与物理连线不同,Verilog中的连线(或者信号)具有方向性。这意味着信息只向一个方向传输,从源端口流向接收端口(源也经常被成为将值驱动到线路上的驱动程序)。在Verilog的”连续赋值“中(assign left_side = right_side),右侧信号的值会被赋值到左侧信号的wire上。赋值是”连续的“,因为赋值一直在发生,只要右侧的值改变左侧是值也会立即改变。持续赋值不是一个时间的事件。

The ports on a module also have a direction (usually input or output). An input port is driven by something from outside the module, while an output port drives something outside. When viewed from inside the module, an input port is a driver or source, while an output port is a sink.

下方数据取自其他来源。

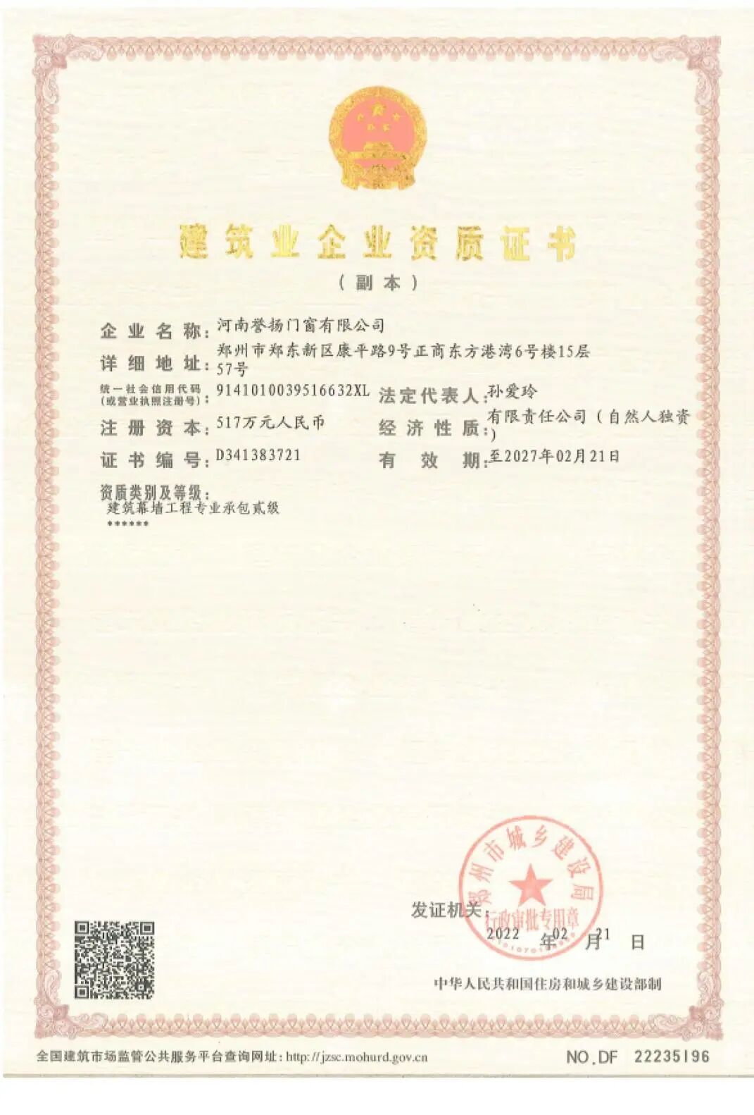 公司经营范围有:装建筑幕墙工程设计与施工、门窗天窗工程、钢建筑工程设计与施工。

模块上的端口也有方向性(通常为输入端或输出端)。输入端口驱通过模块外部驱动,输出端口驱动其他模块。从模块内部看,输入端口是驱动信号或者源,而输出端口是接收端口

The diagram below illustrates how each part of the circuit corresponds to each bit of Verilog code. The module and port declarations create the black portions of the circuit. Your task is to create a wire (in green) by adding an assign statement to connect in to out. The parts outside the box are not your concern, but you should know that your circuit is tested by connecting signals from our test harness to the ports on your top_module.

下图说明了电路的每个部分如何对应于Verilog代码的每个比特位。模块和端口声明创建了电路图中的黑色部分。您的任务是通过添加一个assign语句来连接输入in和输出out。黑色方框外部的部分不是你所关心的内容,单你应该知道,你的电路时通过将我们的测试线束的信号连接到top_module上的端口来进行测试的。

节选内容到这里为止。